RECORDS SHOWN:
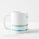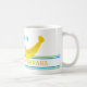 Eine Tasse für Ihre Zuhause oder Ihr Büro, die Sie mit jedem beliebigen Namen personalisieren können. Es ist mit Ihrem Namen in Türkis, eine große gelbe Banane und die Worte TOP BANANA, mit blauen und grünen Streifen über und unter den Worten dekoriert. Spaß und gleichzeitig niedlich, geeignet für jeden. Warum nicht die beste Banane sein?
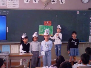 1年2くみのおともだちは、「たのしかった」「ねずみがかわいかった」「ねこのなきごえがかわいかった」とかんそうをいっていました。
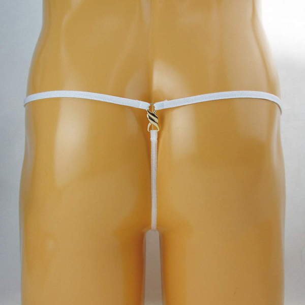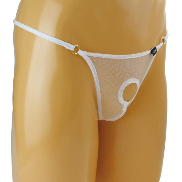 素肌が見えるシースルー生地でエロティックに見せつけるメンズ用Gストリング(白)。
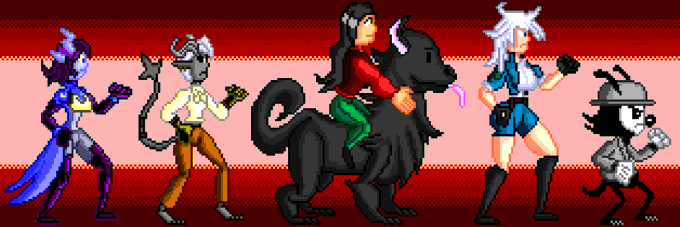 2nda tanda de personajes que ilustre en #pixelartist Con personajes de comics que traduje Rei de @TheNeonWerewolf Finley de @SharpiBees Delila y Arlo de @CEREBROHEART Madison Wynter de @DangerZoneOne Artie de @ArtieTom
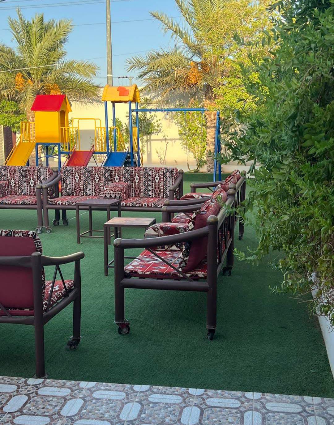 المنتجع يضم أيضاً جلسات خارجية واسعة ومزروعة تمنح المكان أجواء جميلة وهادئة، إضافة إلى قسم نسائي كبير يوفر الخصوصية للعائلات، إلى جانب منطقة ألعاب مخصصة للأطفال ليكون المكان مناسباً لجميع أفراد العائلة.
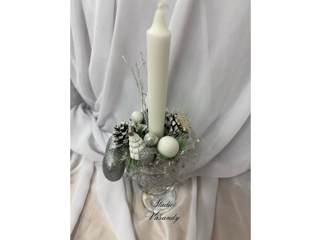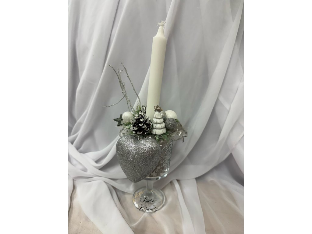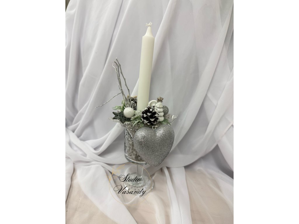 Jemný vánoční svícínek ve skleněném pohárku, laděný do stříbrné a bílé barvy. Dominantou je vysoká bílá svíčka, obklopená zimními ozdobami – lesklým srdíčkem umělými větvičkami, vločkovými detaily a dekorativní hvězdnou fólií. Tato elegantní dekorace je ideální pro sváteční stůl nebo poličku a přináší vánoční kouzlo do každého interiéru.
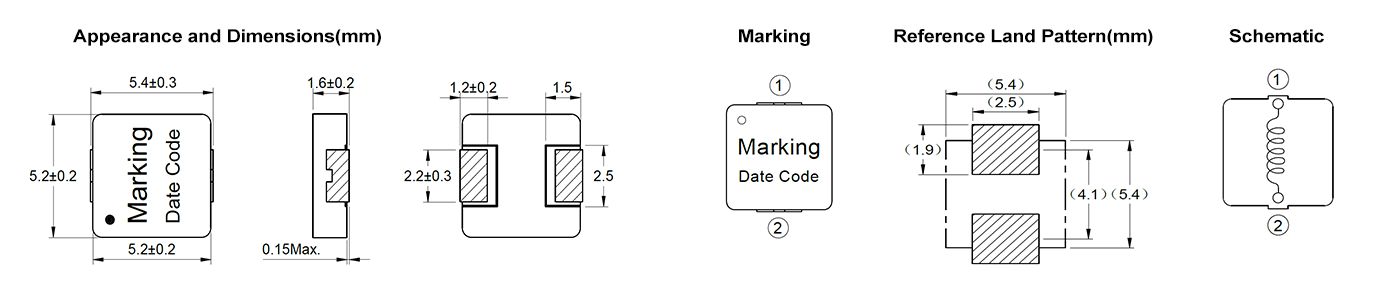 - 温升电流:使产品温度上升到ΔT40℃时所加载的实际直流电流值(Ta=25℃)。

WHAT IS NEEDED:
Starting at the line where "المنتجع يضم أيضاً" appears, restate every line through the end of the records above exactly, but omit the pictures.

RESULT:
 المنتجع يضم أيضاً جلسات خارجية واسعة ومزروعة تمنح المكان أجواء جميلة وهادئة، إضافة إلى قسم نسائي كبير يوفر الخصوصية للعائلات، إلى جانب منطقة ألعاب مخصصة للأطفال ليكون المكان مناسباً لجميع أفراد العائلة.
 Jemný vánoční svícínek ve skleněném pohárku, laděný do stříbrné a bílé barvy. Dominantou je vysoká bílá svíčka, obklopená zimními ozdobami – lesklým srdíčkem umělými větvičkami, vločkovými detaily a dekorativní hvězdnou fólií. Tato elegantní dekorace je ideální pro sváteční stůl nebo poličku a přináší vánoční kouzlo do každého interiéru.
 - 温升电流:使产品温度上升到ΔT40℃时所加载的实际直流电流值(Ta=25℃)。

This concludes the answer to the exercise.